### Recorded information
--
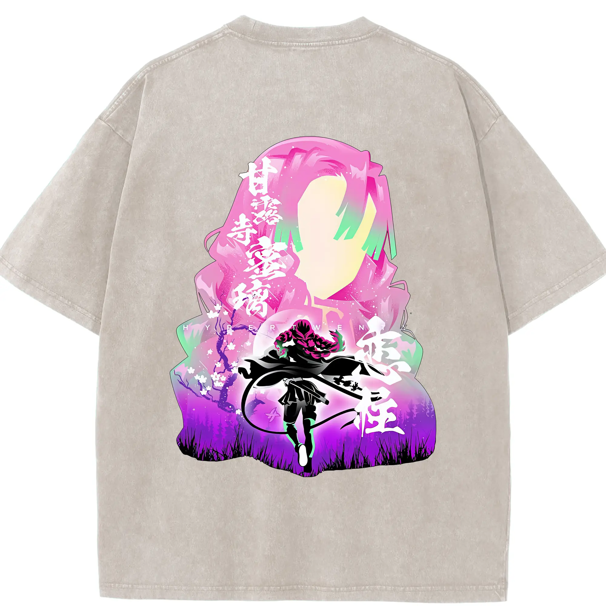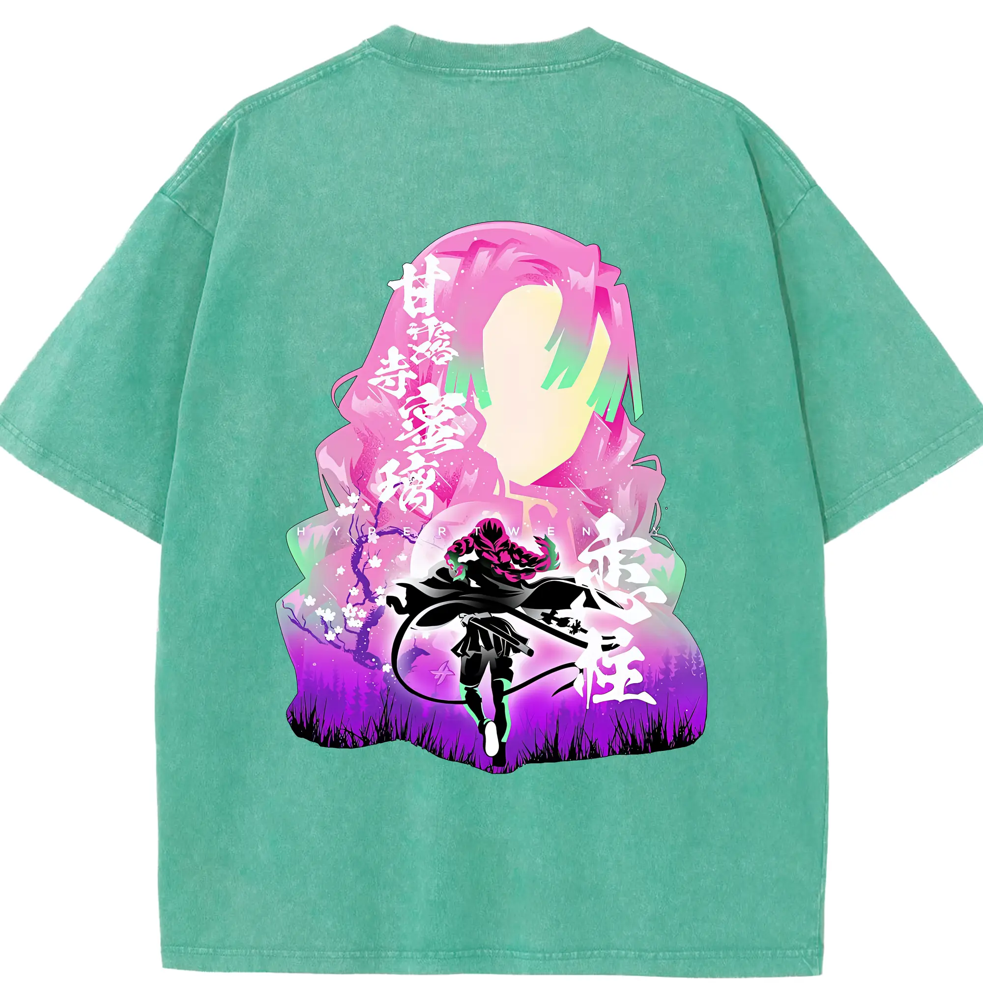 鬼滅の刃 グッズ,甘露寺 蜜璃 - 綿100% 半袖Tシャツ ・ バックプリント ・ 快適 通気性 ・ 日常使い 散歩 スポーツ用
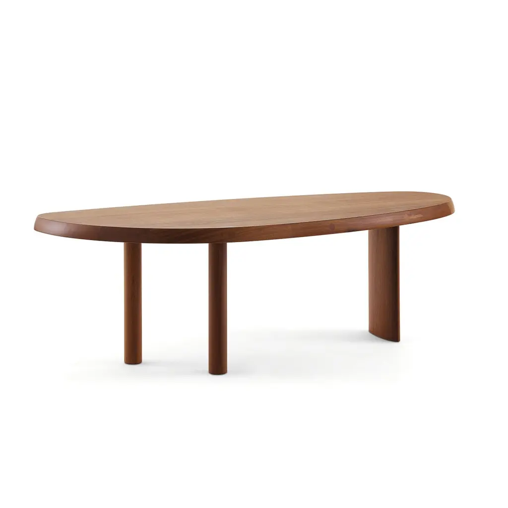 Table designed by Charlotte Perriand in 1959. Relaunched by Cassina in 2011.Manufactured by Cassina in Italy.Charlotte Perriand started work on the tables en forme libre in 1938. Originally intended for her own atelier in the Montparnasse area of central Paris, they went into production courtesy of Galerie Steph Simon at the end of the 1950s. All rounded edges, and asymmetrical lines, these tables are perfectly suited to accommodating up to eight guests in small spaces. The table has three legs: one is oval with a wider footprint, the other two are smaller and are cylinder-shaped. In 2011, Cassina re-issued this piece, reducing the width of the legs to offer more space and allow guests to sit closer to each other on convivial occasions. The table-top is composed of wooden staves that slot into each other, the joins being seen at the ends, testifying to the Cassina company’s exceptional carpentry skills; any variations in the wood are part of the very nature of the raw material and serve to highlight its inherent beauty.Important information regarding images of products:Please note that some of the images show other colors and variations of the model, these images are only to present interior design proposals. The item that is selling is on the first image. Important information regarding color(s) of products:Actual colors may vary. This is due to the fact that every computer monitor, laptop, tablet and phone screen has a different capability to display colors and that everyone sees these colors differently. We try to edit our photos to show all of our products as life-like as possible, but please understand the actual color may vary slightly from your monitorAbout the designer:Charlotte Perriand full membership of that avant-garde cultural movement which, from the first decades of the 20th century, brought about a profound change in aesthetic values and gave birth to a truly modern sensitivity towards everyday life. In this context, her specific contribution focuses on interior composition, conceived as creating a new way of living, still today at the heart of contemporary lifestyle.In the sphere of 20th century furnishing history, the advent of modernity made possible the entrepreneurial audacity of this true reformer of interior design. At the beginning of her professional career she was acclaimed by critics for her Bar under the roof, exhibited at the Salon d’Automne in 1927 and constructed entirely in nickel-plated copper and anodized aluminium. In the same year, when she was just twenty-four years old, she began a decade-long collaboration with Le Corbusier and Pierre Jeanneret, at the famous design studios at 35, rue de Sèvres in Paris.Her presence in the Le Corbusier studio is visible in all the furnishings designed with him and with Pierre Jeanneret: and so Charlotte Perriand becomes a cornerstone in the reformation project promoted by the architect, adding a distinct dimension of humaneness to the often cold rationalism of Le Corbusier. In her creations she manages to animate the fundamental substance of daily life with new aesthetic values: in particular her talent and intuition in the discovery and use of new materials manifest themselves to their full extent.The ten-year long collaboration with Le Corbusier and Pierre Jeanneret, and her Japanese experience, represent periods of intense creative effervescence in the life of the artist. During her long stay in the Far East (‘40-‘46), she reveals her artistic talent to the full, through a reinterpretation of the reality of life to echo both tradition and modernity. By way of example, worthy of mention are the furnishings produced using traditional bamboo processing techniques, capable of enhancing the new forms already experimented using steel-tubing.After her work as a professional, she concentrates on a series of original and balanced productions, commissioned by top-level authorities and leading companies of the calibre of Air France, and by a number of foreign organizations, authenticating the fame she had by now gained on the international scene.About the manufacturer:In a continuing dialogue between past, present, and future, Cassina has created the I Maestri collection, revisiting furnishing designs by the twentieth century’s best-known architects, including Le Corbusier, Pierre Jeanneret, Charlotte Perriand, Charles Rennie Mackintosh, Gerrit Thomas Rietveld, Franco Albini, Frank Lloyd Wright and Marco Zanuso. While the designs and functional concepts have been precisely preserved, the models have been manufactured using evolved technology. This is also the company that has manufactured iconic pieces of contemporary design from the 1950s to the present day, ideated by some of the most important international designers. Today Cassina continues to look to the future of design with audacious, passionate curiosity and an open, holistic approach. It affirms its exclusive ability to furnish a home’s living and dining spaces completely and iconically with The Cassina Perspective: a concept, a philosophy, an informed, futuristic thought. A detailed, expansive horizon of combinations; when placed together, the products have an innovative soul and the modern icons create authentic, welcoming, personal atmospheres involved in a conversation dominated by a code of design excellence, formal sensitive awareness, solidity and cultural authority.
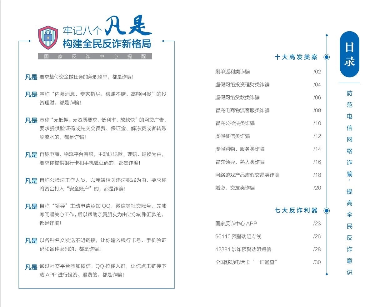 人民網(wǎng)北京6月16日電 (記者郝萍、梁秋坪)按照中央宣傳部、公安部聯(lián)合部署開展的“全民反詐在行動”集中宣傳月活動有關要求,國家反詐中心編寫制作并最新推出《2023版防范電信網(wǎng)絡詐騙宣傳手冊》(以下簡稱《手冊》),詳細梳理10類高發(fā)電信網(wǎng)絡詐騙案件特點和詐騙手法,深入介紹7大反詐利器的主要功能和使用方法,進一步擴大反詐宣傳覆蓋面,提升廣大群眾識騙防騙意識和能力。
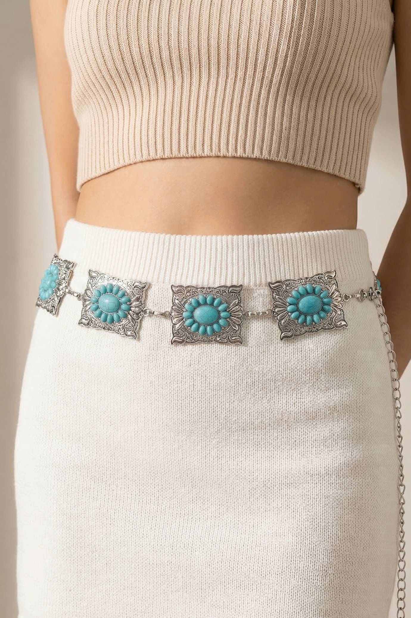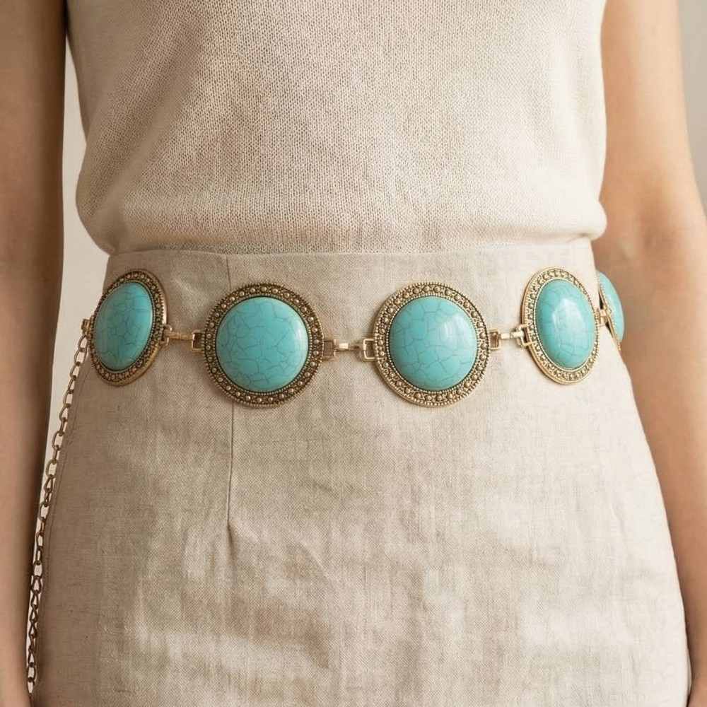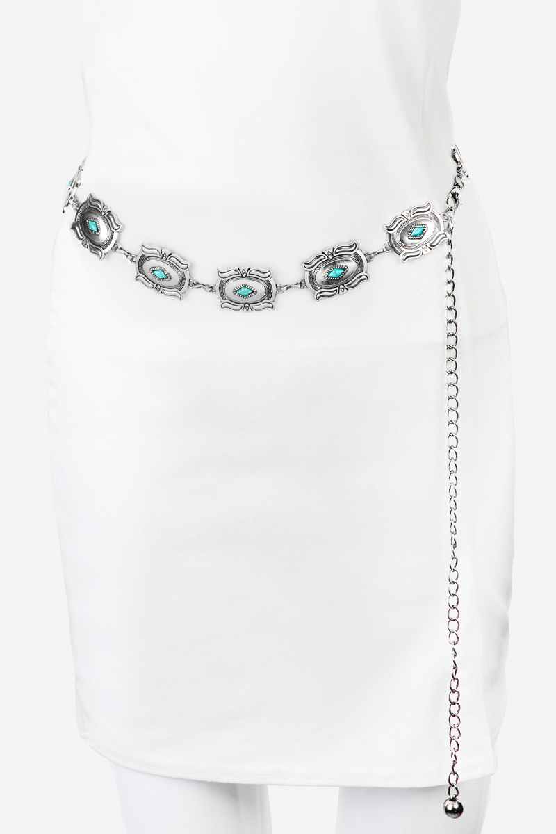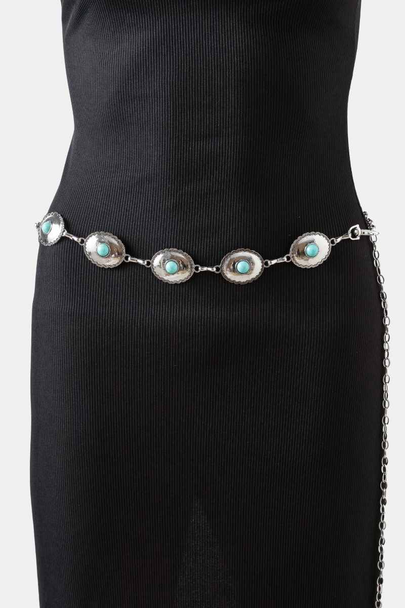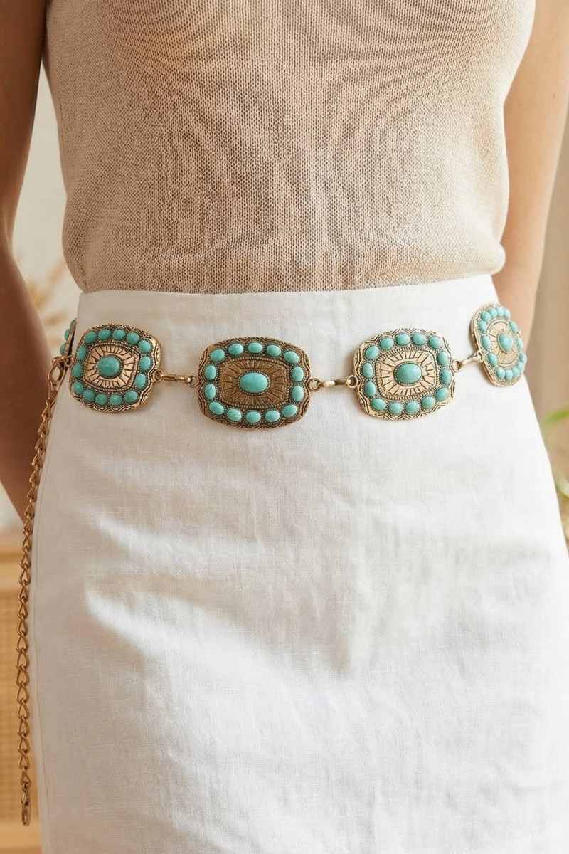 | Gold-tone alloy chain belt with rectangular turquoise-look stone. | |||
--
### Aim of the exercise
All lines from the one containing "人民網(wǎng)北京6月1" through the end of the data are to be written out exactly, with nothing added; skip the pictures.

### Answer
 人民網(wǎng)北京6月16日電 (記者郝萍、梁秋坪)按照中央宣傳部、公安部聯(lián)合部署開展的“全民反詐在行動”集中宣傳月活動有關要求,國家反詐中心編寫制作并最新推出《2023版防范電信網(wǎng)絡詐騙宣傳手冊》(以下簡稱《手冊》),詳細梳理10類高發(fā)電信網(wǎng)絡詐騙案件特點和詐騙手法,深入介紹7大反詐利器的主要功能和使用方法,進一步擴大反詐宣傳覆蓋面,提升廣大群眾識騙防騙意識和能力。
 | Gold-tone alloy chain belt with rectangular turquoise-look stone. | |||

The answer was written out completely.